WHAT: A ten-minute clip from a documentary set inside the Nintendo offices in the early ‘90s heyday of the Super NES (or Super Famicom, if you’re old school).
WHO: Game historian and podcaster "Game Escape" unearthed the clip and added the English subtitles, but the director is Jean-Jacques Beineix, who used the footage in his 1994 documentary Otaku. This version comes from German television (so you’ve got English subtitles over a German dub of a French documentary featuring people speaking Japanese).
WHY WE CARE: Nintendo’s been in the news a lot lately—the rollercoastering stock prices around Pokemon Go, the forthcoming NES Classic Edition—so it’s got our attention right now anyway.

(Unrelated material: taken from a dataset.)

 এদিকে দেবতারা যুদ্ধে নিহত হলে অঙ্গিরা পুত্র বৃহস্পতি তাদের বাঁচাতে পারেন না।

This glimpse into the company during its brightest creative stretch is fascinating—Beineix sits down with Shigeru Miyamoto, the creator of the Super Mario franchise, who explains that because the character was so small on the screen, he wanted to create something memorable. ("So I thought of an Italian with a mustache," he explains.) The excerpt is full of fascinating details—Nintendo started out making card games in the ‘60s and ‘70s, but found that Japan’s culture of Confucianism meant that there were cultural elements that viewed games as a waste of time, which only changed during the country’s economic upturn; the games were priced to correspond to the average allowance of a Japanese child; Miyamoto didn’t view other game companies as competition, but consumer expectations—and highlights a (very, very ‘90s) glimpse of a company that was known during its heyday for playing its cards very close to the vest. Beineix’s camera crew deals with that secrecy as well—the consoles in the office only showcase games that are already out, and there are rooms they’re not allowed in—and in true French documentary fashion, they pepper Miyamoto with probing personal questions like, "Do you think you’re as creative now as you once were?", which he answers with disarming frankness. It’s a fascinating look at a company that was extremely relevant to the era the documentary was filmed, and which—as recent news has revealed—remains important more than two decades down the line.